Every line of the material below should be output exactly as written, with the images skipped.

■ **Data section**:
-=-=-

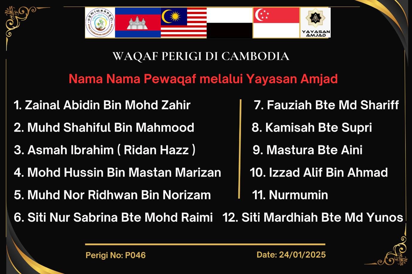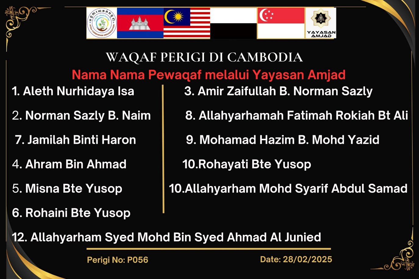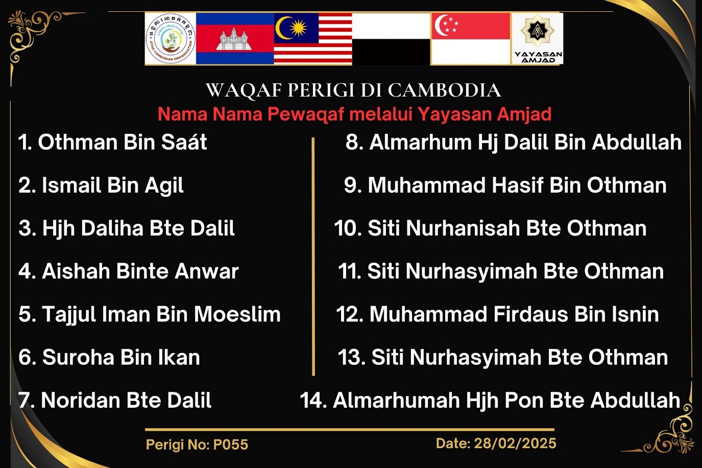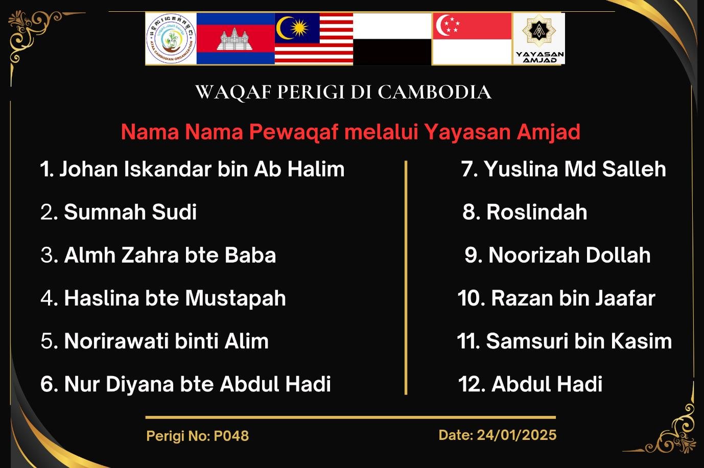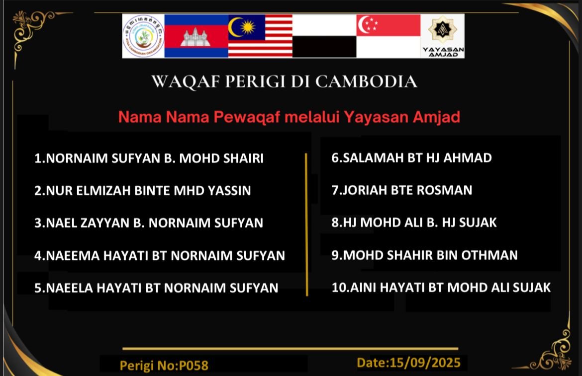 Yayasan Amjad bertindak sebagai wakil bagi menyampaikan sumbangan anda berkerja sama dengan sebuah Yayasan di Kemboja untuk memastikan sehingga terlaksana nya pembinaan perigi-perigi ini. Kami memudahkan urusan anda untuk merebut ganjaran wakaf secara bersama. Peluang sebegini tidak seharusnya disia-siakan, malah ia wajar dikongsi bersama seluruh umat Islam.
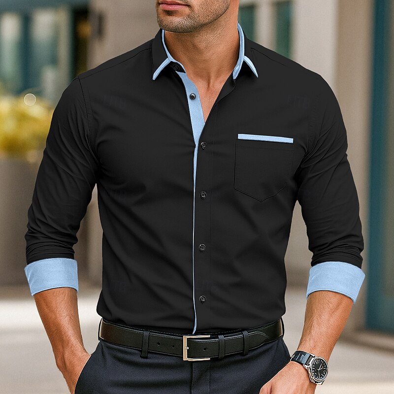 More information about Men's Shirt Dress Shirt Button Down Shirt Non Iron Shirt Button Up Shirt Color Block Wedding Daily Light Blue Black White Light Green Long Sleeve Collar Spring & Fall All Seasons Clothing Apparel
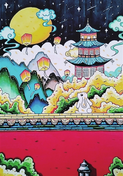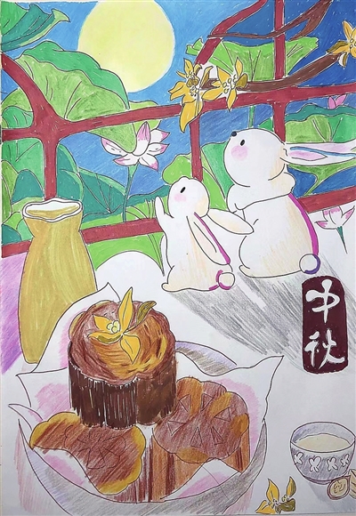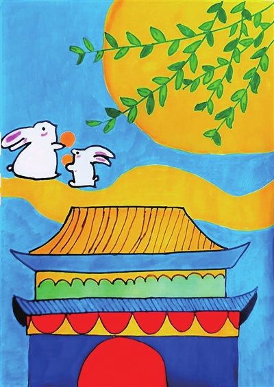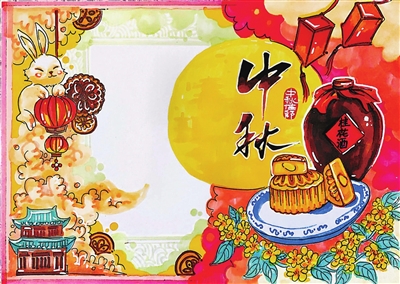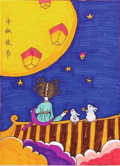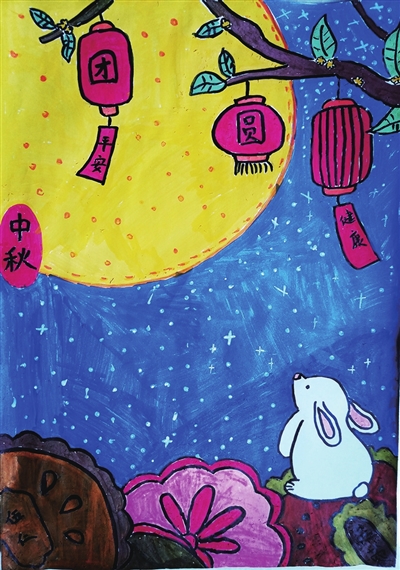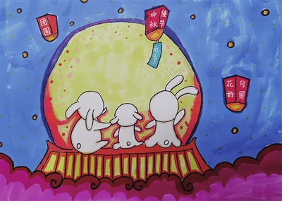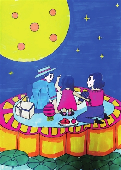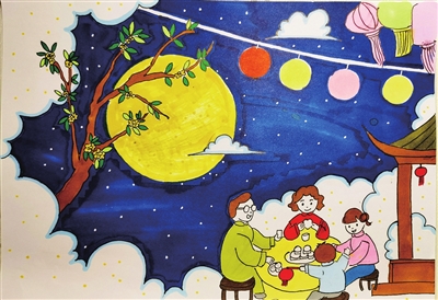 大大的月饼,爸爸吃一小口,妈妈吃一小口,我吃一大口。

-=-=-

■ **Result**:
 Yayasan Amjad bertindak sebagai wakil bagi menyampaikan sumbangan anda berkerja sama dengan sebuah Yayasan di Kemboja untuk memastikan sehingga terlaksana nya pembinaan perigi-perigi ini. Kami memudahkan urusan anda untuk merebut ganjaran wakaf secara bersama. Peluang sebegini tidak seharusnya disia-siakan, malah ia wajar dikongsi bersama seluruh umat Islam.
 More information about Men's Shirt Dress Shirt Button Down Shirt Non Iron Shirt Button Up Shirt Color Block Wedding Daily Light Blue Black White Light Green Long Sleeve Collar Spring & Fall All Seasons Clothing Apparel
 大大的月饼,爸爸吃一小口,妈妈吃一小口,我吃一大口。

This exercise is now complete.